Keiji Sayama zeichnet Hegels Denkweg nach
Dass die Ursprünge seiner Sozialphilosophie in die Zeit der Französische Revolution zurückreichen, zeigt die Studie des Tokioter Philosophen Keiji Sayama. Er zeichnet Hegels Denkweg in der Sozialphilosophie von den Anfängen in den neunziger Jahren des achtzehnten Jahrhunderts bis zur Phänomenologie des Geistes im Jahre 1806 nach. Was Hegel während dieser Zeit umtreibt, ist das Problem, wie man einen Staat begründen kann, der die individuelle Moral der Individuen im Rahmen eines Staates fördert oder zumindest respektiert. Es geht also um die Vermittlung von Moralität und Legalität.

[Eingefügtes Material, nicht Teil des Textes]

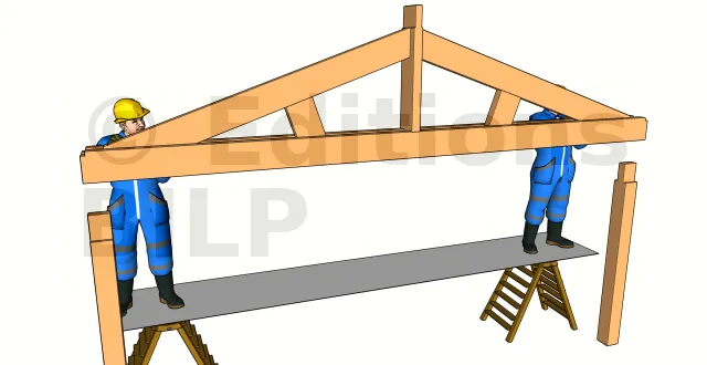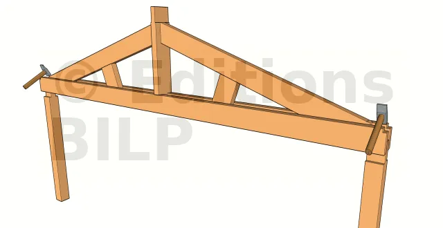 Cette technique est utilisée pour fixer l’entrait moisé sur les poteaux. Si l’assemblage de la ferme se fait pièce par pièce, la technique de pose pour panne moisée convient pour fixer l’entrait moisé sur les poteaux. Vous aurez ensuite à fixer une par une chaque pièce (poinçon, contrefiches et arbalétriers).

Hegel und die französische Revolution
Als Hegel sein Studium in Tübingen beendet und 1793 eine Stelle als Hauslehrer in Bern annimmt, herrscht in Paris noch das Regime Robespierre. Auch wenn Hegel sich in Bern abseits der universitären Zentren bewegt, ist er insbesondere mit den aktuellen intellektuellen Entwicklungen vertraut. Zudem kann man annehmen, dass er sich immer über die Verhältnisse in Paris auf dem Laufenden gehalten hat, da überliefert ist, dass er Zeit seines Lebens am 14. Juli auf die Französische Revolution angestoßen hat.
Intellektuelle Einflüsse
Sayama identifiziert viele weitere Einflüsse, die Hegel bei der Entwicklung seiner Position beeinflusst haben. Neben der Theologie, die Hegel in Tübingen studiert hatte, ist es zuallererst Kants Erkenntnistheorie wie auch seine Grundlegung der Moral mit dem kategorischen Imperativ, an den alle Debatten der neunziger Jahre des achtzehntens Jahrhunderts und natürlich auch Hegel anknüpfen. Er rezipiert in diesem Zusammenhang auch die Kantkritik Schillers und des Idealismus um Fichte.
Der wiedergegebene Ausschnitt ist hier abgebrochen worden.